How fast is proof generation?
Proof generation time depends on program complexity and available hardware. A simple token transfer takes roughly 1 to 5 seconds on modern consumer hardware. More complex programs with larger constraint systems may take 10 to 30 seconds. GPU acceleration and dedicated proving hardware can reduce these times significantly. Proving is the main performance bottleneck in the system, but it is a one-time cost per transaction and is expected to improve as hardware and algorithms advance.
What is the record model?
Aleo's record model is a variation of the UTXO model used by Bitcoin. State is represented as discrete records that are created and consumed but never mutated. Each record has an owner and is encrypted on-chain so that only the owner can read it. When a record is used in a function call, it is consumed and new records are created in its place. This design enables privacy because records are encrypted, ownership is hidden, and links between consumed and created records are concealed by zero-knowledge proofs.

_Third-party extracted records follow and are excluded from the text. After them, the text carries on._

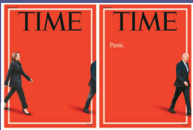
↑左圖爲美國《時代》周刊（TIME）7月21日出版的封面，當天總統拜登退出總統競選，圖中賀錦麗走入畫面；右圖封面爲6月28日（第一場總統辯論後的第2天）以數位方式發布，圖中拜登走向畫面邊緣，身後有「恐慌」（panic）字樣。

民調賀錦麗僅與川普相差1% 若出線美國總統大選 將是美國史上首位競選總統亞非裔女性
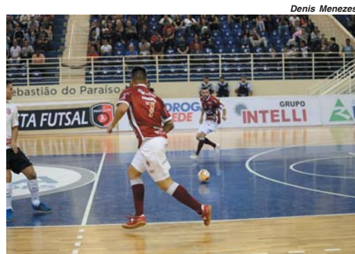
No intervalo dos jogos da Liga Nacional durante a Copa, Intelli Paraíso jogou pela Copa Paulista

A Intelli que nesta semana já havia conquistado um bom resultado na partida contra o Corinthians, na segunda-feira, 9, desta vez não vacilou diante de um adversário teoricamente mais fraco. O time não teve dificuldades para superar o adversário impondo seu ritmo de jogo mais intenso e cadenciando a disputa quando já estava com a vitória assegurada.
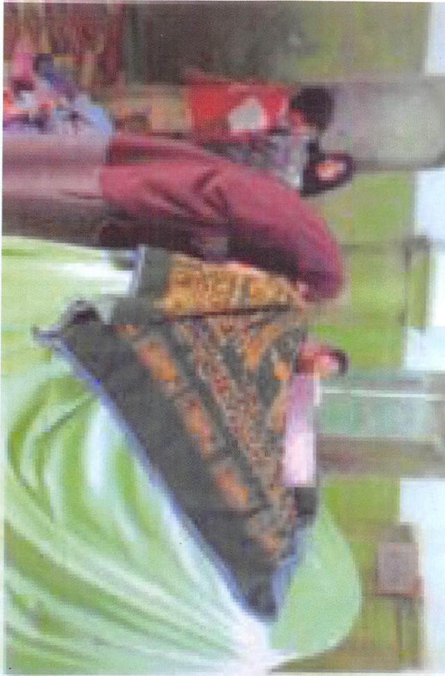
شکل رقم 6
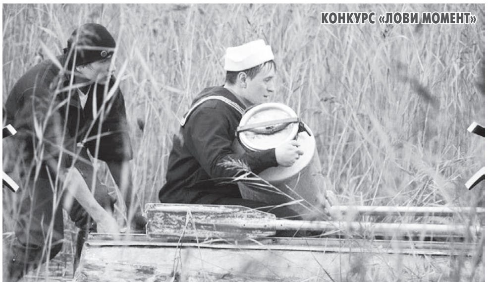
КОНКУРС «ЛОВИ МОМЕНТ»
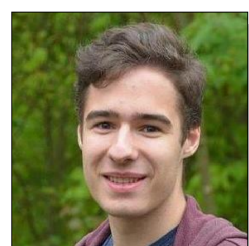
Lucas Haug Technik (V) Ziele/Zukunft
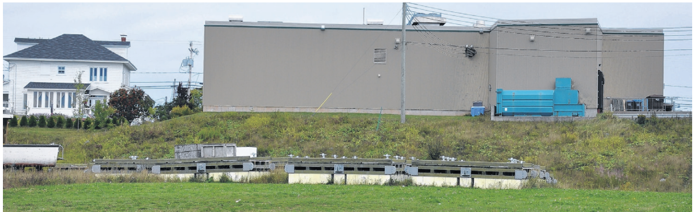
L'entreprise de Havre St-Pierre désire construire son complexe de 45X60 mètres sur le terrain situé derrière le supermarché IGA à Grande-Rivière. Le terrain appartient au ministère qui est actuellement en processus de cession avec la Ville de Grande-Rivière.

En ce qui concerne le permis pour importer des œufs, la démarche semble vouée à l'échec, a appris Pêche Impact. Pour amorcer son élevage de saumon, CanAquaculture a dans ses cartons, le projet d'importer des œufs de saumon d'Europe
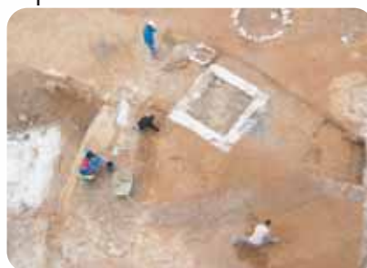
Nettoyage manuel pour faire apparaître les structures médiévales
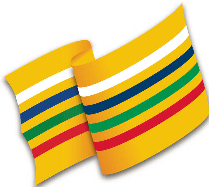
Bandera de la Universidad Tecnológica de Pereira.

Los colores establecidos en la Bandera hacen parte de la razón de ser y un quehacer diario que representa a toda la comunidad UTP. Sus significados son los siguientes:
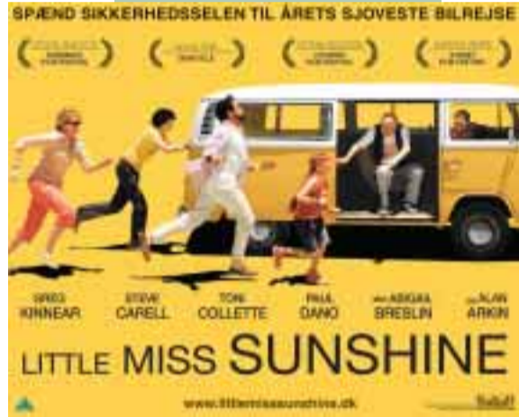
12. Jan. – 18. Jan. Little Miss Sunshine Adventure – Drama – Komædie
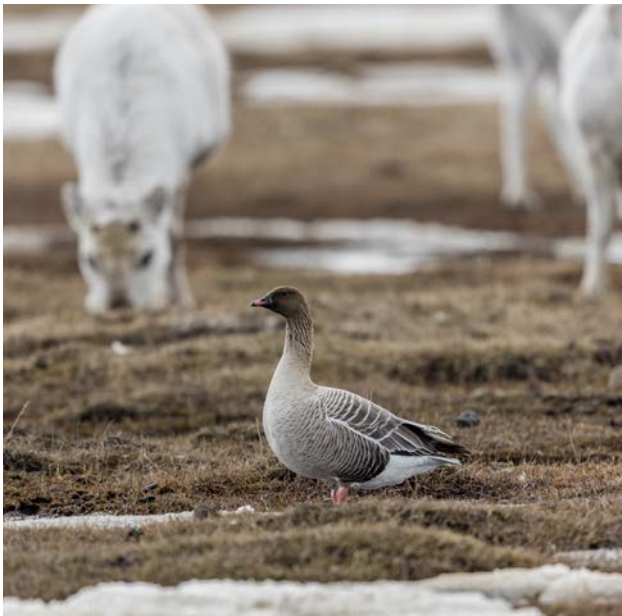
Spetsbergsgås och svalbardrennar, Adventdalen 16 maj.

De flesta deltagarna ankommer till Longyearbyen. Under eftermiddagen besöker några av oss Svalbard museum och tar en tur i de närmaste omgivningarna med bil. Välkomstmiddag på Kroa.
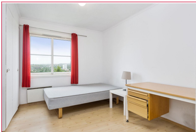
Bilder er fra 2 etasje, men leiligheten har identisk planløsning!
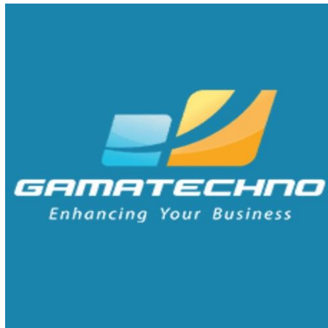
Gambar 1.1 Logo PT. Gamatechno Indonesia Yogyakarta

Gamatechno merupakan perusahaan penyedia solusi teknologi informasi yang berkantor pusat di Yogyakarta dan memiliki kantor cabang di Jakarta dan Bali. Resmi berdiri pada 4 Januari 2005 berawal dari pengembangan sistem informasi untuk segmen perguruan tinggi. Saat ini
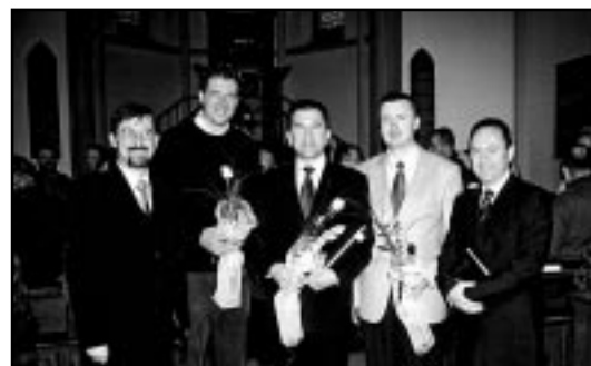
Diplomanti baptisti s članovima Senata
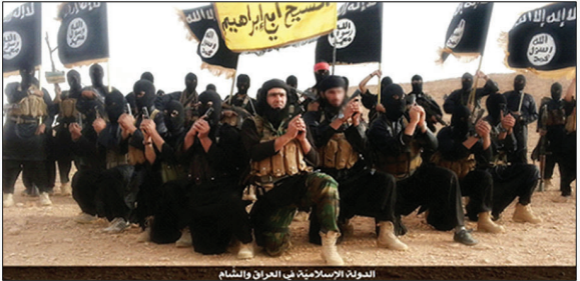
الدولة الإسلامية في العراق والشام

م، وسيتم استعمال هذه القناصة في الحرب مع النظام السوري. يذكر بأن لواء الإسلام كان سابقاً بالتقنيات العسكرية فقد قام بإصلاح مدرعة روسية مضادة للطيران بعد اغتنامها من النظام وأعلن على إثرها حظراً جويًا على غوطة دمشق، واستطاع اسقاط عدة طائرات حربية للنظام السوري بعد إعلان الحظر.
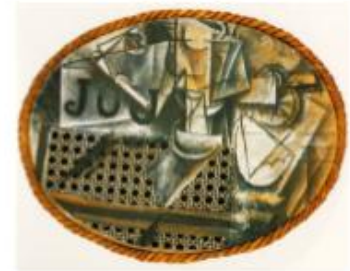
Pablo Picasso , Nature morte à la chaise cannée , 1912
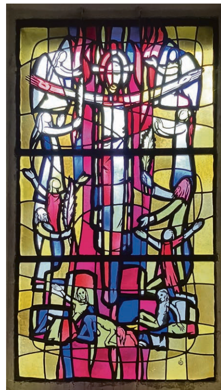
Vitrail dans la sacristie de l'église paroissiale de Payerne. © JCP
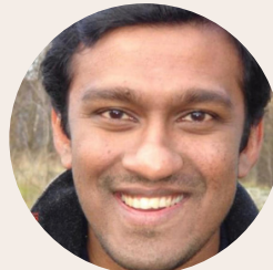
Suni Bastians Australian Strategic Partnerships
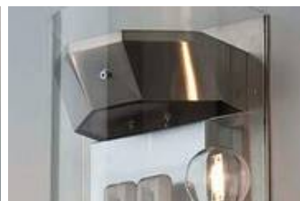
WM 03/W 1T-2g modifiziert mit Zusatzfluter und in Edelstahloberfläche

Um die Details zu diesen neusten Leuchtenmodelle zu sehen, melden Sie sich bitte mit Ihrer E-Mail-Adresse und Ihrer Partnernummer oben rechts auf unserer Internetseite an.
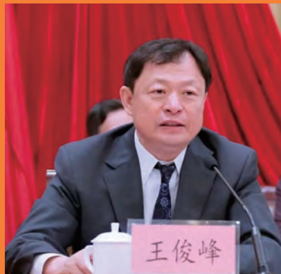
王俊峰 全国律师行业党委副书记 中华全国律师协会会长
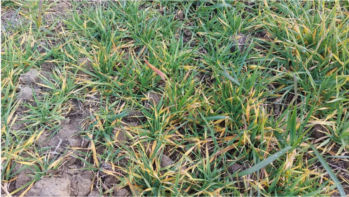
Slika 14 Kloroza na ječmu
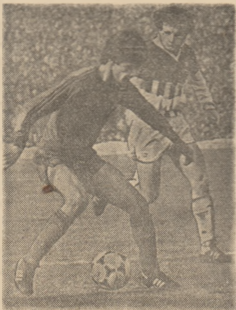
Clouă încearcă să „ghicească” fenta lui Lăcătuș. (Să-i urăm feroviarului o... rapidă revenire pe gazon)
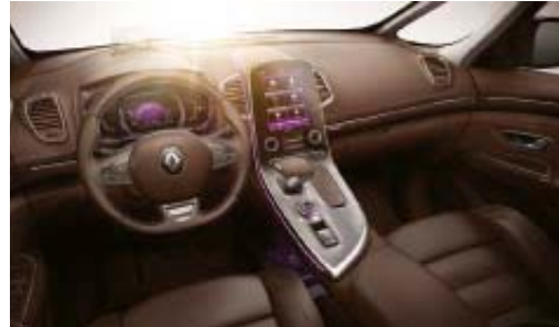
Tablero de a bordo marrón oscuro

Can private and public state interact in the same program?
Yes. Aleo programs can combine private transitions and public finalize blocks in a single atomic operation. The transition handles private logic (consuming and creating encrypted records), and the finalize block updates public mappings on-chain. Both parts succeed or fail together. This allows programs to maintain private user state while updating shared public state such as total supplies, vote tallies, or price feeds.